Au niveau des allocutions, Zoé Alangba, assistante projet à l’OIM, qui représentait la cheffe de mission (Marina Shramin), a trouvé des mots justes pour expliquer à l’assistance que l’institution pour laquelle elle travaille « n’était pas contre la migration, mais combattait plutôt la migration irrégulière » A sa suite, Koné Mamadou (cadre à la CAIDP), représentant le parrain – le DG de la DGIE – y est allé de son message de sensibilisation contre la migration irrégulière, à l’endroit de la jeunesse. Il s’est appuyé sur son exemple pour parler de cœur à cœur avec lepublic.
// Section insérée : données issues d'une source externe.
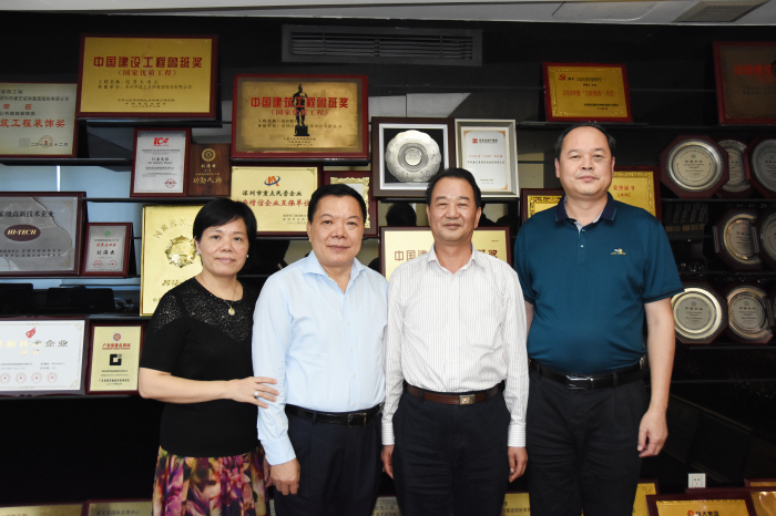 广东省梅州市政协主席陈建青(右二)、副主席李忠良(右一)在建艺荣誉墙前同刘海云董事长及颜如珍副总裁合影
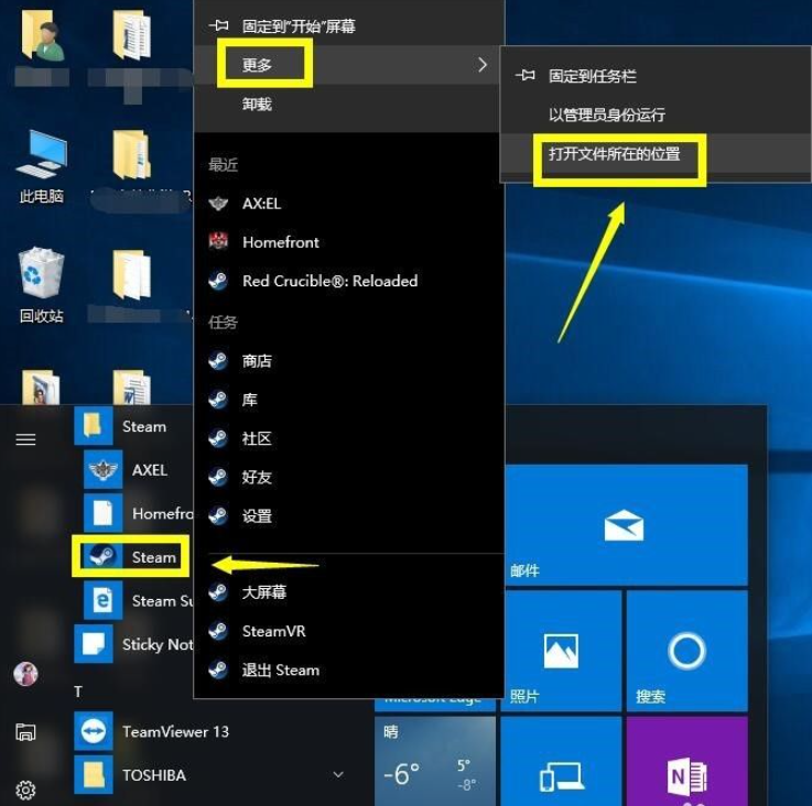 1、点击菜单栏的steam选择更多--打开文件所在位置,如下图所示。
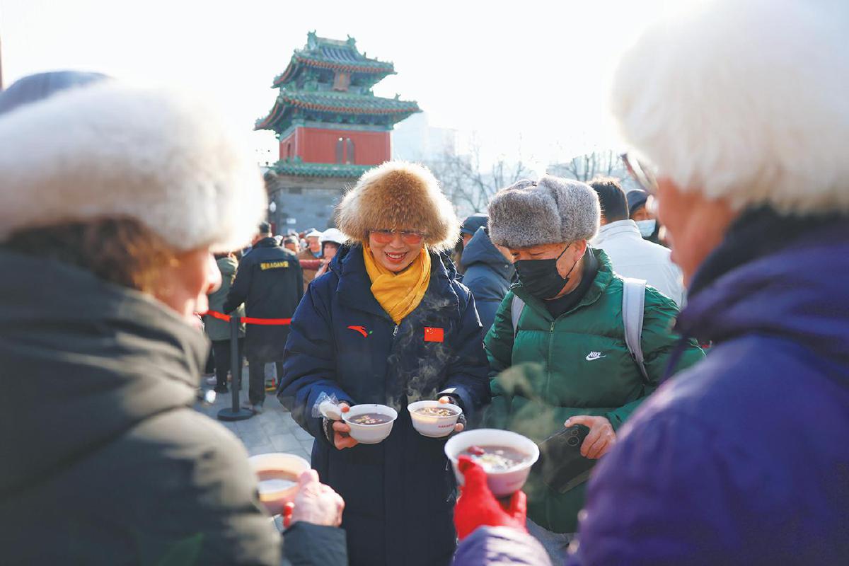 场景:市民领到热气腾腾的腊八粥。新京报记者 浦峰 摄
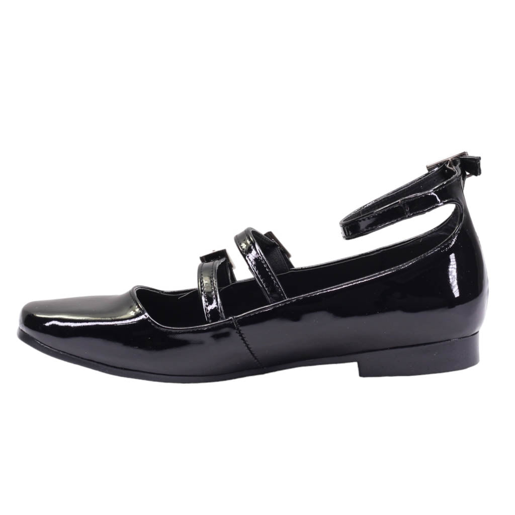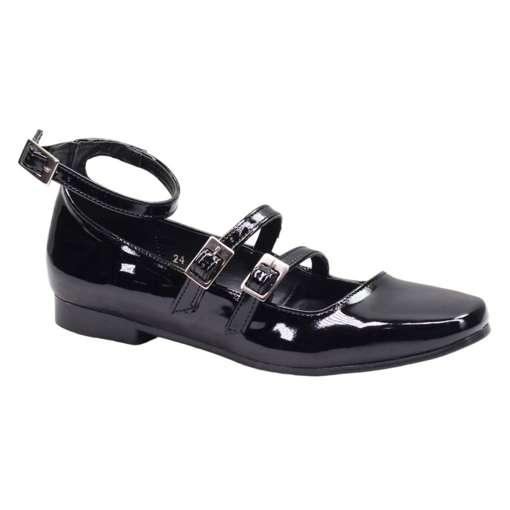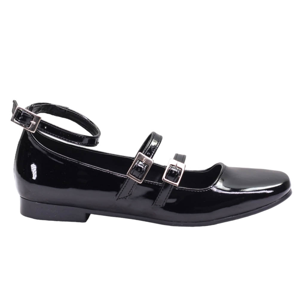 Calzado para dama marca Zócalo en color negro. Disfruta de una mayor comodidad con nuestro modelo de tacón bajo, corte con acabado en charol. Sus tres tiras con hebilla aseguran un ajuste personalizado, mientras que su punta redonda añade un toque clásico a tu look. ¡Camina con estilo y confort con este elegante par de zapatos!
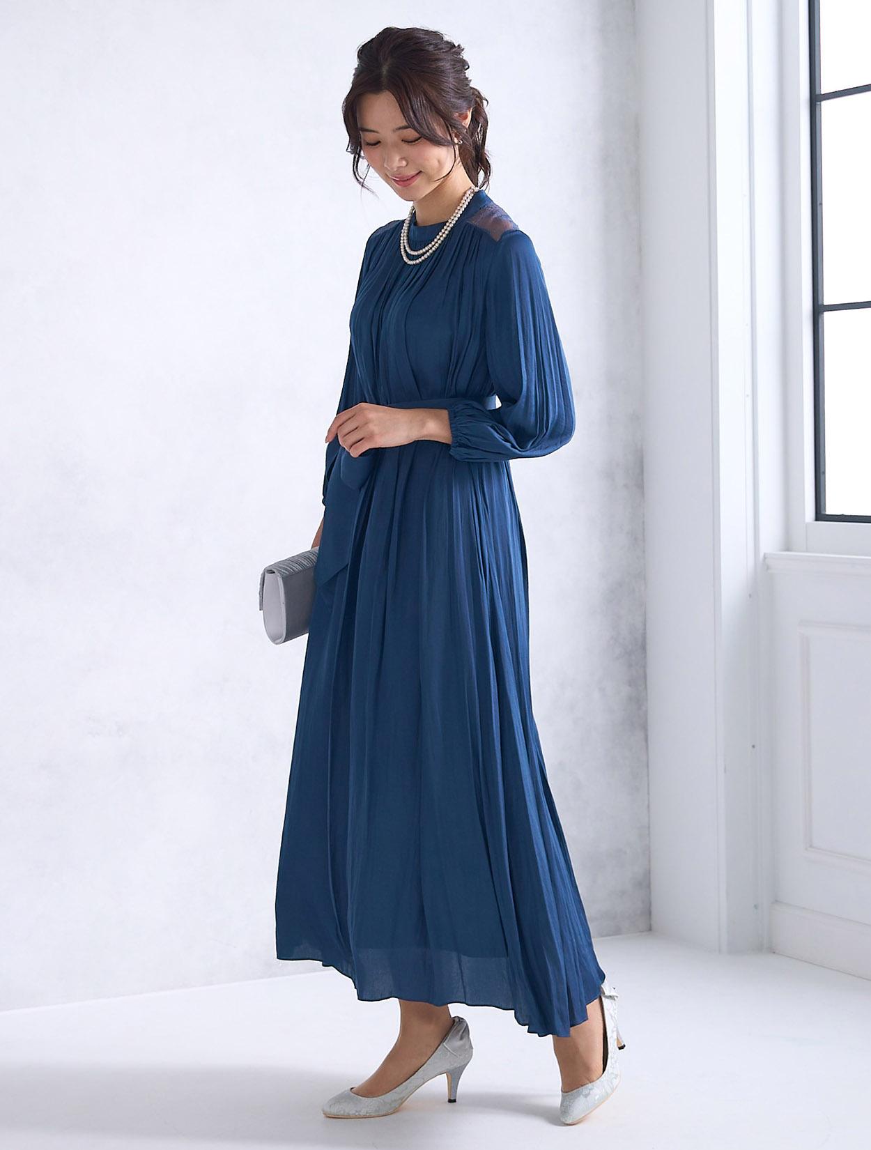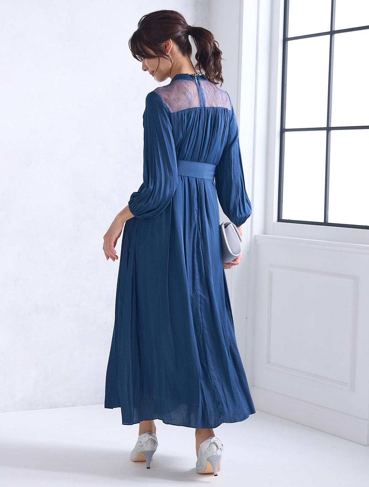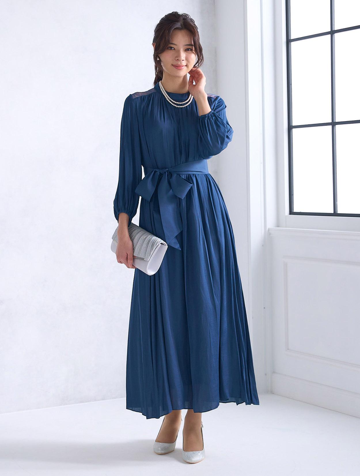 青味が感じられる明るめのネイビードレス。ネイビーの中ではハッキリと発色しているので、生地の光沢もあり程よく華やかに着こなせるカラーです。ネイビーは日本人の肌色に合いやすいので、レンタルドレスでも人気のカラーです。
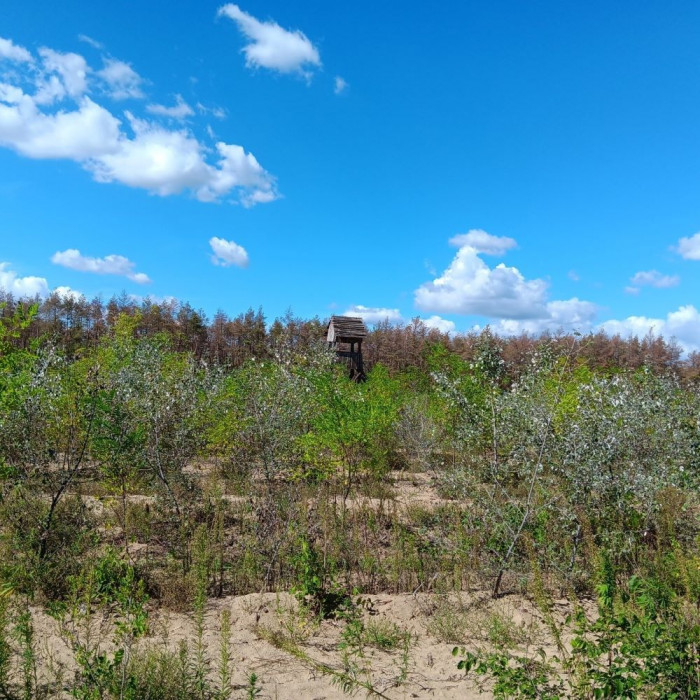 - 1. homoktalajon ültetett szürke nyár és akácos, háttérben száradó erdeifenyő állomány

En effet, il a été migrant en Europe et il a décidé de rentrer en Côte d’Ivoire pour servir son pays. Il a exhorté « les jeunes à travailler afin de pouvoir avancer sur le plan social » Et pour cause, seul le travail garantit une dignité à un homme.

Volontaires du projet MaM à l’œuvre avec succès

Les cinq volontaires du projet ‘’Migrants as Messengers’’ (Migrants comme Messagers) à savoir Maï, Hortense, Angèle, Boniface et Arouna n’ont ménagé aucun effort pour œuvrer dans la sensibilisation des populations du quartier ‘’2ème arrêt’’. Fort heureusement leurs messages ont séduit et conquis l’assistance dont quelques membres ont décidé d’être leur relais dans leurs familles respectives et au-delà. 

En définitive, le programme de la première édition de ce festival s’est déroulé autour des messages de sensibilisation, des chants, de la projection des films sur la migration irrégulière, des témoignages et des échanges, et d’un match de foot entre les vétérans du quartier. Parce qu’on ne peut pas trouver élément plus fédérateur et plus expressif de la cohésion sociale que le sport-roi.

Au final après deux jours d’intenses activités, les festivaliers ont bouclé ce rendez-vous socio-culturel, tout en prenant date pour la deuxième édition qui aura lieu l’année prochaine, pour le grand bonheur des habitants du quartier.